This was the week when the European Commission finally caught up with Apple, which prior to then had always evaded its Big Tech clampdown. The commission may have previously scored a famous victory over Apple in the €13 billion Irish tax case but the €1.8 billion fine levied on it on Tuesday marked the first time it has levied an anti-trust penalty on the iPhone maker.

As my analysis makes clear, it is unlikely to be the last time. Apple and its rivals are now firmly in the spotlight with the Digital Markets Act, which came into force on Thursday, putting even more pressure on them to change their ways.

As it is, just two days after fining Apple for “abusing its dominant position” for distributing music streaming apps such as Spotify, it was revealed the tech company will face questions from EU regulators over accusations it barred Epic Games from opening its own app store for iPhone customers in Europe.
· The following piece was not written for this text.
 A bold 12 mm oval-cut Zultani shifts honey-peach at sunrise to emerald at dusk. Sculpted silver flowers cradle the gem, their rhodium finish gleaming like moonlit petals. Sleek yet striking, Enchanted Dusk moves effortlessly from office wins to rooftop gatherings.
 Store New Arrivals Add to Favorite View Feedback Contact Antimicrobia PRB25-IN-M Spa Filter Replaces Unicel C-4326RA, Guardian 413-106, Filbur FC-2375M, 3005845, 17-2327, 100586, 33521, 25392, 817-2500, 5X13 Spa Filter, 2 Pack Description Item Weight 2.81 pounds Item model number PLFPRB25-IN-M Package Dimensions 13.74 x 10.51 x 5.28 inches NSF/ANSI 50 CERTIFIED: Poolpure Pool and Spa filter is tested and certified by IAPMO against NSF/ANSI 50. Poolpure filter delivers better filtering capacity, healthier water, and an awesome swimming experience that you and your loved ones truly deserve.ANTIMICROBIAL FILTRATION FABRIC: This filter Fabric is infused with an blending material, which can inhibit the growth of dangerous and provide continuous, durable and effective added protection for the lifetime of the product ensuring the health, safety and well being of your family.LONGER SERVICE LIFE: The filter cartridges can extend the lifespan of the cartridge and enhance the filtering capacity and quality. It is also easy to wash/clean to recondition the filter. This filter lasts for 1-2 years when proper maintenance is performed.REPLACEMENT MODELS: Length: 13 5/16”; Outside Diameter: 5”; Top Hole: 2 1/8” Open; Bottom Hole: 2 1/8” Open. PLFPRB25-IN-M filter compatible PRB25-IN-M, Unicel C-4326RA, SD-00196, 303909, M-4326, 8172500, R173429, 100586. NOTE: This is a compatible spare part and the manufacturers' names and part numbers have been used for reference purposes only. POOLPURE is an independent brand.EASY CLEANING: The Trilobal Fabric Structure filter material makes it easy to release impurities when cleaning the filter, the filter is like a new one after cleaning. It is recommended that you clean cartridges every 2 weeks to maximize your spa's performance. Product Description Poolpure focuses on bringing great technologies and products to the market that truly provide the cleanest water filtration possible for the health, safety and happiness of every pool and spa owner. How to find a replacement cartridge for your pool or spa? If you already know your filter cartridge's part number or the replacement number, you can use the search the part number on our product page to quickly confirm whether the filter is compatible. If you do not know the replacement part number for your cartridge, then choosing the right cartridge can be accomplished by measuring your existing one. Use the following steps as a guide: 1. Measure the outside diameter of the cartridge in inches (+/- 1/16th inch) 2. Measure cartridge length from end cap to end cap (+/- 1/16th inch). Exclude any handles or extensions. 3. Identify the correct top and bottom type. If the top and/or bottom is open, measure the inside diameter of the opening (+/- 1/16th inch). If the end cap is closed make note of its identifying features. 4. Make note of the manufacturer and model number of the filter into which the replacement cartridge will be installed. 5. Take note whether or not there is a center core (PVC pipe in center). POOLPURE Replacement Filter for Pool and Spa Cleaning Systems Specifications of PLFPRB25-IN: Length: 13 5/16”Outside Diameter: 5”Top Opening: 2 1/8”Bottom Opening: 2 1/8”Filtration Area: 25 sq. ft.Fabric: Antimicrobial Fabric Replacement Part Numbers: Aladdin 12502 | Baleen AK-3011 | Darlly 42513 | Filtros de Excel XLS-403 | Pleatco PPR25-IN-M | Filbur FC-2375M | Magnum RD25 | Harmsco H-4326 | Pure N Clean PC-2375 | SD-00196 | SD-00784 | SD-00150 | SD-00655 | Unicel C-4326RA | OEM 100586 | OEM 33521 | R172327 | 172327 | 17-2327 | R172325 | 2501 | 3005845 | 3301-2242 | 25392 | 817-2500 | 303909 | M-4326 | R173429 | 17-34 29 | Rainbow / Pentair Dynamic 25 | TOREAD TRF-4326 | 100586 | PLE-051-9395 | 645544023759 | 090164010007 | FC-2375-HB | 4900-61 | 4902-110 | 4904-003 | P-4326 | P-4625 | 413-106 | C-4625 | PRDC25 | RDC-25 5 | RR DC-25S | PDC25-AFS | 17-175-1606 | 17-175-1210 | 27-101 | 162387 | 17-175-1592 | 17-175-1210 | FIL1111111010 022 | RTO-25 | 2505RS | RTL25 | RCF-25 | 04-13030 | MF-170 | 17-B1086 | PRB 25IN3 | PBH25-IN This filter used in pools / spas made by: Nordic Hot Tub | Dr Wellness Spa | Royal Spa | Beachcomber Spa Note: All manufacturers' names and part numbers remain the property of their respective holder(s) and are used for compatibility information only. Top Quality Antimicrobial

Our reliance on social media was never so obvious as earlier this week when Instagram, Facebook and Threads all went down in a worldwide outage, which has yet to be explained. Cue a rush of users onto X, the platform which many had sworn they would never go near again.

It need hardly be said that social media isn’t necessarily our friend, nor are video-sharing platforms such as YouTube. An Oireachtas committee was told on Tuesday that videos made by the far right on YouTube have been viewed over 13.5 million times in Ireland.

The fallout between OpenAI co-founders Elon Musk and Sam Altman was all over the news with the company using the billionaire’s own emails to show he backed its plans to become a for-profit business, and that he insisted it raise “billions” of dollars to be relevant compared with Google. As if that weren’t enough, Musk has been dethroned as the world’s richest person this week. Musk currently has a net worth of ‘just’ $197.7 billion compared to Jeff Bezos’ $200.3 billion nest egg.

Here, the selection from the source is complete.